In a recent paper published in ACER, I used R and the ggplot2 package to create the main figures. In this post, I will walk through how I used ggplot2 and a couple of extra packages to create the box plots for this publication.

library(tidyverse)
library(rstatix)
library(ggpubr)
library(AMCP)
library(kableExtra)

# Load the data
data(chapter_12_table_1)

# Display part of the data
kable(head(chapter_12_table_1))
Absent0Absent4Absent8Present0Present4Present8
420420480480600780
420480480360480600
480480540660780780
420540540480780900
540660540480660720
360420360360480540
# Create a new data frame with a subject id
rm_data <- cbind(id = c(1:10), chapter_12_table_1)

# Convert the data from wide to long
rm_data <-  rm_data %>%
  gather(key = Condition.Angle,
         value = Latency,-id) %>%
  separate(col = Condition.Angle,
           into = c("Condition", "Angle"),
           sep = -1) %>%
  arrange(id,
          Condition,
          Angle) %>%
  convert_as_factor(Condition, Angle)

# Conduct repeated measures ANOVA
rm_aov <- anova_test(data = rm_data,
                     dv = Latency, 
                     wid = id, 
                     within = c(Condition, Angle), 
                     effect.size = "pes")


kable(get_anova_table(rm_aov, correction = "none"))
EffectDFnDFdFpp<.05pes
Condition1933.7662.56e-04*0.790
Angle21840.7192.00e-07*0.819
Condition:Angle21845.3101.00e-07*0.834

Basic ggplot boxplot

To create a ggplot boxplot, we need 4 basic ingredients: 1) data in long format, 2) specify the variable to be displayed on the x axis, 2) specify the variable to be displayed on the y axis, and 3) a call to the geom_boxplot geometric element. When adding or changing layers to a ggplot we will use the + sign incrementally to modify the plot. The code chunk below gets us started, but as you may notice, our data are also grouped by Condition.

p1 <- ggplot(data = rm_data, aes(x = Angle, y = Latency)) +
  geom_boxplot()
p1

Visualize boxplots by the grouping variable

To tell ggplot to display separate boxplots according to condition, simply add “Condition” to the color argument. The output is much better, and for most situations, this will be enough to get a decent idea of what the data look like.

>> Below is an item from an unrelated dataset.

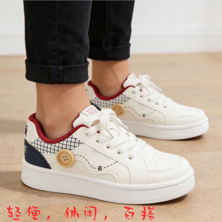 2026新品系带小白鞋女校园风格流行板鞋抗菌易清理白色皮面鞋子

p2 <- ggplot(data = rm_data, aes(x = Angle, y = Latency, color = Condition)) +
  geom_boxplot()
p2

Changing colors

One way to change the colors of a plot manually, is to create a vector of characters with hexadecimal color codes. These can be passed in to the values argument of the scale_color_manual() function. Notice how we needed to add a plus sign and add a new line with the scale_color_manual() function. There are also palettes and themes with colors that can be added, but will not be covered here.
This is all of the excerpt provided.